Range of Random.nextGaussian()

Recently I had a look at the source code of a language detection library. The library internally uses Random.nextGaussian to determine its behavior, but uses it in such a way that any value lower than -10 would result in incorrect calculations. I was curious if getting such a value is even possible.
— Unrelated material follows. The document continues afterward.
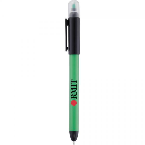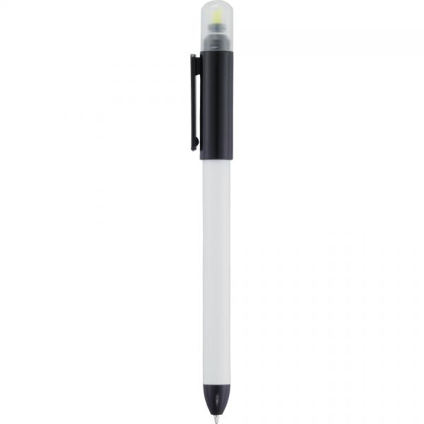 Dual-function. Twist-action ballpoint pen and highlighter with removable cap.

The implementation of nextGaussian in Java 8 is as follows:
 private double nextNextGaussian;
 private boolean haveNextNextGaussian = false;

 public double nextGaussian() {
   if (haveNextNextGaussian) {
     haveNextNextGaussian = false;
     return nextNextGaussian;
   } else {
     double v1, v2, s;
     do {
       v1 = 2 * nextDouble() - 1;   // between -1.0 and 1.0
       v2 = 2 * nextDouble() - 1;   // between -1.0 and 1.0
       s = v1 * v1 + v2 * v2;
     } while (s >= 1 || s == 0);
     double multiplier = StrictMath.sqrt(-2 * StrictMath.log(s)/s);
     nextNextGaussian = v2 * multiplier;
     haveNextNextGaussian = true;
     return v1 * multiplier;
   }
 }
The function used to generate next values has extremes when both v1 and v2 are as close to zero as possible, without being both equal to zero.
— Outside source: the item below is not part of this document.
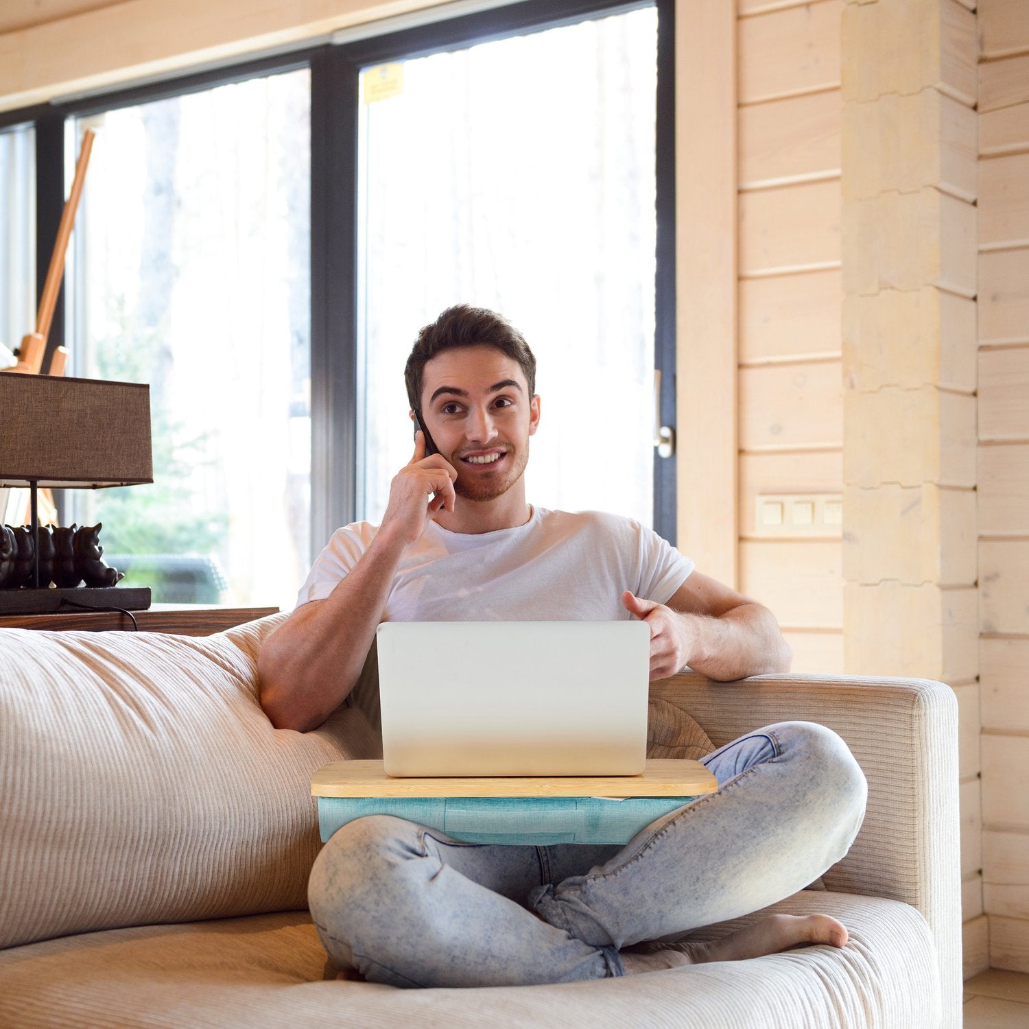 Enhance your productivity with our bamboo laptop tray, offering comfort and efficiency for remote work. This lapdesk's spacious surface supports various laptop sizes and includes a phone and tablet holder.

Quick check of nextDouble indicates that the function generates only multiples of 1 / (double)(1L << 53). This means that nextGaussian will return extreme values for v1 = +/- 2 / (double)(1L << 53)and v2 = 0.

For these values nextGaussian would return +/- 12.00727336061225.

That does not mean that it is possible to get these values. There's a limited number of values that can be returned by nextDouble. But it does mean that nextGaussian (in its Oracle Java 8 implementation) will never return a value outside of the range between -12.00727336061225 and 12.00727336061225.